School of Computer Science and Engineering, University of New South Wales (UNSW), Australia; Centre for Accident Research and Road Safety - Queensland (CARRS-Q), Queensland University of Technology (QUT), Australia.
Centre for Accident Research and Road Safety - Queensland (CARRS-Q), Queensland University of Technology (QUT), Australia; School of Psychology and Wellbeing, University of Southern Queensland (USQ), Australia; School of Exercise and Nutrition Sciences, Queensland University of Technology (QUT), Australia.
Comput Methods Programs Biomed. 2024 Jan;243:107925. doi: 10.1016/j.cmpb.2023.107925. Epub 2023 Nov 8.
Drowsiness behind the wheel is a major road safety issue with efforts focused on developing drowsy driving detection systems. However, most drowsy driving detection studies using physiological signals have focused on developing a 'black box' machine learning classifier, with much less focus on 'robustness' and 'explainability'-two crucial properties of a trustworthy machine learning model. Therefore, this study has focused on using multiple validation techniques to evaluate the overall performance of such a system using multiple supervised machine learning-based classifiers and then unbox the black box model using explainable machine learning.

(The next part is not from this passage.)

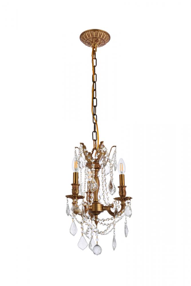 Rosalia 3 light French Gold Pendant Clear Royal Cut Crystal

Driving was simulated via a 30-minute psychomotor vigilance task while the participants reported their level of subjective sleepiness with their physiological signals: electroencephalogram (EEG), electrooculogram (EOG) and electrocardiogram (ECG) being recorded. Six different techniques, comprising subject-dependent and independent techniques were applied for model validation and robustness testing with three supervised machine learning classifiers, namely K-nearest neighbours (KNN), support vector machines (SVM) and random forest (RF), and two explainable methods, namely SHapley Additive exPlanation (SHAP) analysis and partial dependency analysis (PDA) were leveraged for model interpretation.

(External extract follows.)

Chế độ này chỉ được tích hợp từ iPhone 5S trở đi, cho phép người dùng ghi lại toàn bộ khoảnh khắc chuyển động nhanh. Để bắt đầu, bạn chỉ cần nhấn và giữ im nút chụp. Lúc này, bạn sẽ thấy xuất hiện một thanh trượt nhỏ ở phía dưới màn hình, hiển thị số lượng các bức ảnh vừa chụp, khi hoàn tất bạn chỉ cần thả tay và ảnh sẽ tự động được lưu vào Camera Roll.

The study identified the leave one participant out, a subject-independent validation technique to be most useful, with the best sensitivity of 70.3 %, specificity of 82.2 %, and an accuracy of 80.1 % using the random forest classifier in addressing the autocorrelation issue due to inter-individual differences in physiological signals. Moreover, the explainable results suggest most important physiological features for drowsiness detection, with a clear cut-off in the decision boundary.

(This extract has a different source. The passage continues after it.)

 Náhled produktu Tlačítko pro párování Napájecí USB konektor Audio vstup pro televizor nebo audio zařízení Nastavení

The implication of the study will ensure a rigorous validation for robustness testing and an explainable machine learning approach to developing a trustworthy drowsiness detection system and enhancing road safety. The explainable machine learning-based results show promise in real-life deployment of the physiological-signal based in-vehicle trustworthy drowsiness detection system, with higher reliability and explainability, along with a lower system cost.
驾驶时困倦是一个重大的道路安全问题,因此人们致力于开发困倦驾驶检测系统。然而,大多数使用生理信号的困倦驾驶检测研究都侧重于开发一个“黑箱”机器学习分类器,而很少关注“稳健性”和“可解释性”——这是可信机器学习模型的两个关键特性。因此,本研究侧重于使用多种验证技术,使用多种基于监督机器学习的分类器评估该系统的整体性能,然后使用可解释的机器学习来“打开黑箱”模型。
通过 30 分钟的精神运动警觉性任务模拟驾驶,同时参与者使用生理信号报告他们的主观困倦程度:记录脑电图(EEG)、眼电图(EOG)和心电图(ECG)。应用了六种不同的技术,包括基于受试者的和独立的技术,用于模型验证和稳健性测试,使用了三个监督机器学习分类器,即 K-最近邻(KNN)、支持向量机(SVM)和随机森林(RF),以及两种可解释方法,即 Shapley 加法解释(SHAP)分析和偏依赖分析(PDA),用于模型解释。
研究发现,在解决由于生理信号个体间差异引起的自相关问题时,独立于受试者的留一参与者验证技术最为有用,使用随机森林分类器的敏感性为 70.3%,特异性为 82.2%,准确性为 80.1%。此外,可解释的结果表明了对于困倦检测最重要的生理特征,在决策边界上有明显的划分。
该研究的意义在于为稳健性测试提供严格的验证,并采用可解释的机器学习方法开发值得信赖的困倦检测系统,从而提高道路安全。基于可解释机器学习的结果显示,基于生理信号的车内可信困倦检测系统具有更高的可靠性和可解释性,以及更低的系统成本,有望在实际应用中部署。